George Washington: One-Act Plays


Today's snack: If you're celebrating Presidents' Day, and zeroing in on our first and, some would say, greatest President, then of course you have to have cherries!

If you can't find fresh cherries in the grocery store, it's always fun to put maraschino cherries inside thin pineapple rings.

Remember the old story about how he chopped down one of his father's extra-special cherry trees, and when confronted, owned up to it, saying, "I cannot tell a lie"? Well, it's apparently a . . . lie. Or, at least, apparently a made-up story.

Historians are convinced that the story was invented to illustrate Washington's honesty and build support for him among the people.
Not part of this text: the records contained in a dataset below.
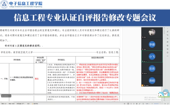 8月6日晚,91免费视频 组织召开信息工程专业工程教育专业认证自评报告修改专题会议。作为前期修改工作部署后的阶段性总结会议,本次会议聚焦报告修订完善情况复盘及下一步工作安排,学院副院长张小飞、信息工程专业执行负责人周博、电子信息科学与技术专业执行负责人胡志忠、专业教师代表李婕、教学秘书徐燕明参会并展开深入研讨。
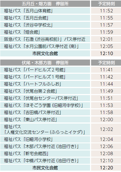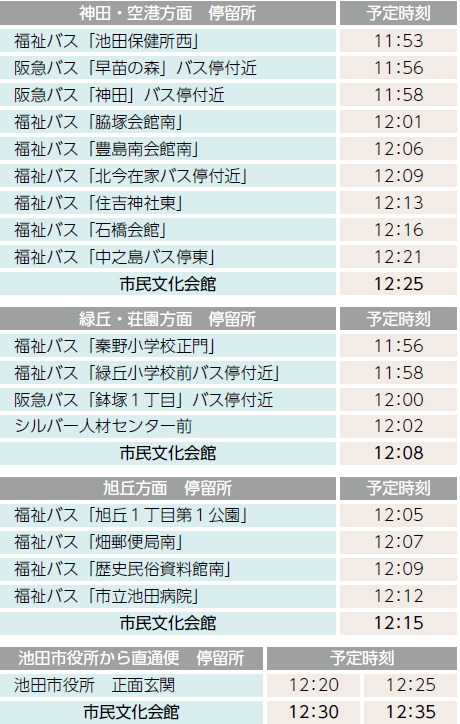 交通事情により時間が遅れる場合がありますが、ご了承ください。なお、帰りのバスの出発は、公演終了後に場内アナウンスでお知らせします。
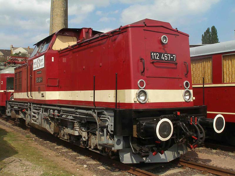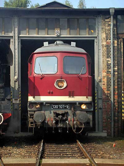 112 457-7 hat einen Aufkleber erhalten „ 1972 – 2017 45 Jahre 112 457-7“ und ist ebenfalls im Freigelände abgestellt. 130 101-9 hat dagegen einen Platz im Lokschuppen und schaut neugierig heraus.
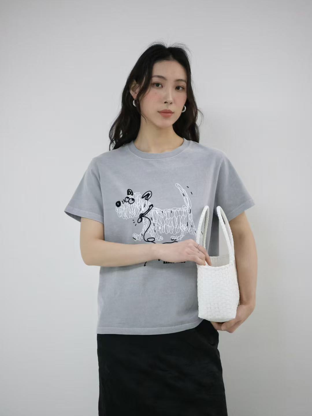老米优品🎈5-7天!韩代同款《线条小狗短款tee》优质砂洗纯棉🍃品质nice~!小个子友好。袖口无蕾丝版。T260322A
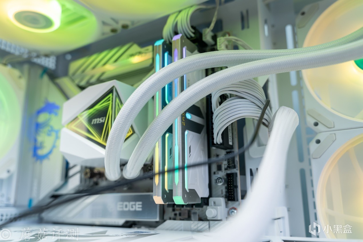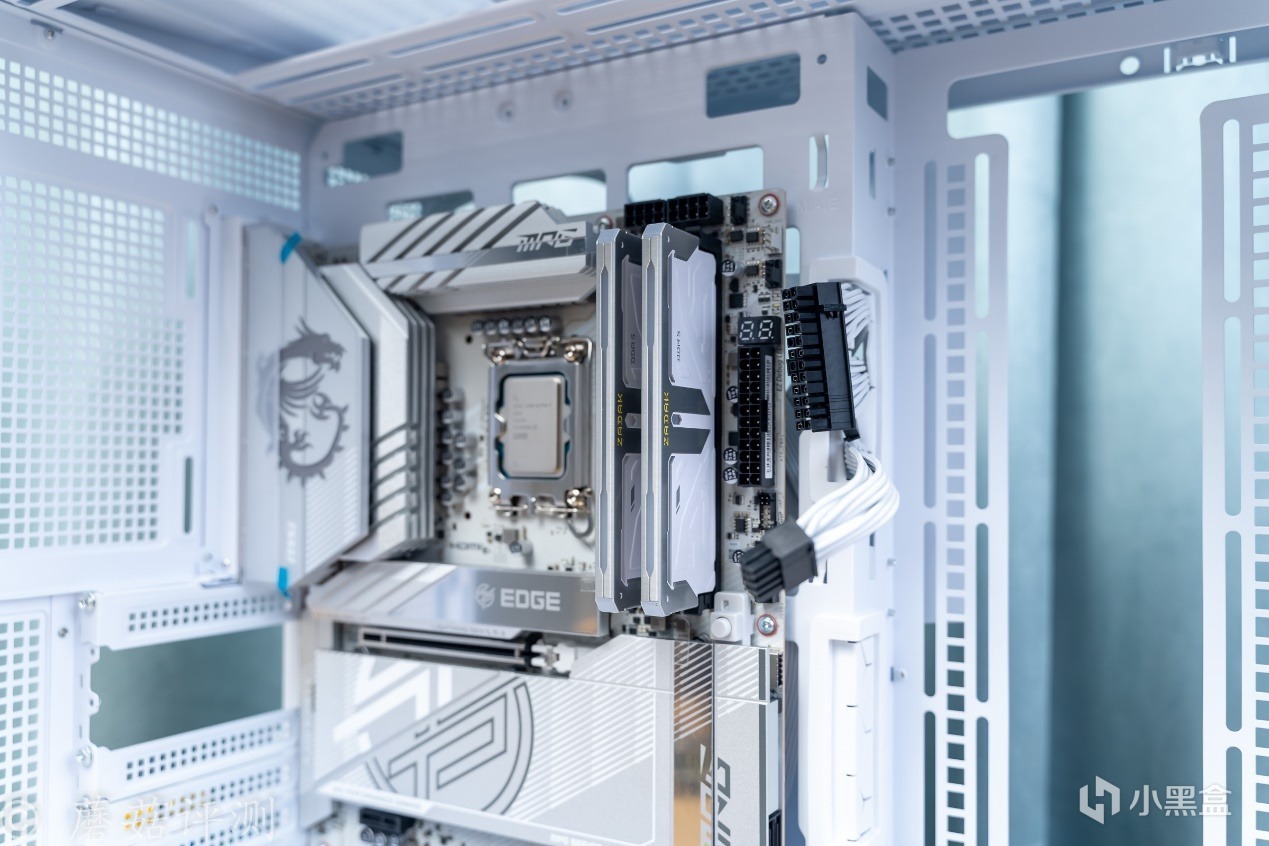 ▼這套內存安裝到主板上,首選2、4插槽。宇瞻ZADAK的這套白色金屬馬甲的版本,搭配白色配色的主機,特別搭配,尤其是微星這塊MPG Z890 EDGE TI WIFI刀鋒鈦主板,其主板正面的金屬馬甲也是白色搭配銀色的設計,互相呼應。

Our first President's honesty is a well-documented fact, and it doesn't matter what his "PR" machine might have done - he really WAS a great man, and honest.

Admitting your mistakes is a good lesson, anyway. And if you remember nothing else about America's Numero Uno, remember that he was a stand-up guy, someone you should be proud to "be" in this fun little drama activity.




The first American president was one of the greatest people ever to walk the face of the Earth. Kids should know about George Washington, often called "The Father of Our Country," the person for whom we named the capital city of our nation, Washington, D.C. Putting together some brief, creative one-act plays about his life would be a great way to make sure they know who Washington was.

Here's how to put on three related one-act plays based on Washington's life. It works best with four or five students. But you can pull it off with one child and one "stage assistant." The important thing to add is: an audience! You can vary the supplies listed below based on the number of participants. This is assuming there will be five kids in the "troupe."


Things to gather in advance:


Large cardboard box

Utility knife

Plastic tape, Scotch tape and hot-glue gun

Green construction paper, or green paint, or green crepe paper

Red construction paper, paint or crepe paper


Markers or paint

Two large dowels and two short ones

String or twine

Stick horse(s)

Baby powder

Covered elastic bands for hair


Two stretchy headbands

Two large fake feathers, or clumps of smaller ones

Adult-size shirts, including at least one navy blue or black one, or a pea coat

White tights or knee socks

Red or gold belt or fabric

Black felt pirate's hat, turned inside out

Black construction paper to make shoe "buckles"

Navy blue sheet or fabric

Large (1 foot square?) clear plastic air-filled packing squares

American flag


Scenery and Props. Perhaps the adult should do the cutting in advance, or do it with the kids looking on. Slit the cardboard box with the utility knife so that it lays flat. On the side with no printing, using the right half, cut a large tree with the utility knife. Out of the remainder, cut a boat. Out of the scraps, cut a hatchet and two muskets. Decorate with paint, markers, construction paper or crepe paper, so that you end up with a cherry tree, a simple boat, a silver (foil?) hatchet, and two Revolutionary War-style muskets.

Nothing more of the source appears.